A central component of any successful force field is the small molecules used to define the initial atom type engine. The CHARMM General Force Field (CGenFF) was created based on a selection criteria that consists of a wide range heterocycles and simple functional groups.

More recently a study, Rings in Drugs, was published and highlighted that each year 28% of new therapeutics contain a new novel ring system (2). So this percentage could be significantly higher if we included non-ring functional groups. This presents a problem: in a nearly infinite chemical space how do we select the most important functional groups to conduct time-consuming force field parameterization that maximizes our representation of molecules most likely to be considered in drug design?
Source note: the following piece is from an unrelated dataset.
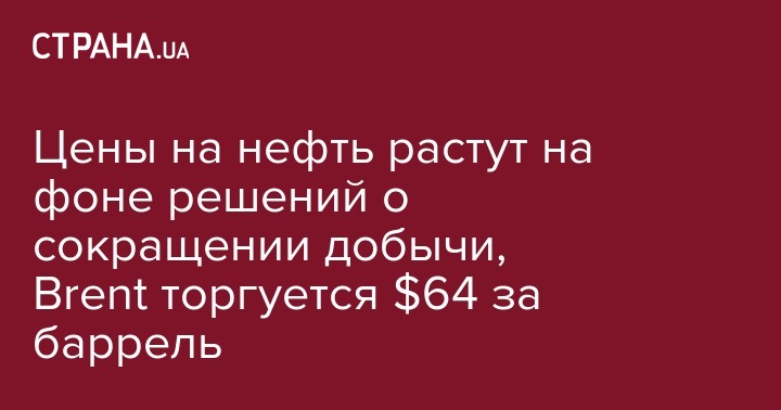 Цены на нефть растут на фоне решений о сокращении добычи, Brent торгуется $64 за баррель

CGenFF is unique in its ability to quantify the quality of the assigned charges and bonded parameters of a compound based on compounds in the FF and it’s decision tree. This penalty score allows for the distribution of well vs. poorly predicted compounds to be determined. Using the penalty values clusters in the charge probability distribution were identified and denoted “No”, “Low”, “Mid”, “High”. To visualize this classification scheme, we applied the sunburst to a variety of existing chemical databases that was of interest to us

To visualize what atoms and associated atom types had the highest penalties, thereby requiring parameter optimization,we correlated the atom language using a series of key value dictionaries to something readable by medicinal chemists, IUPAC.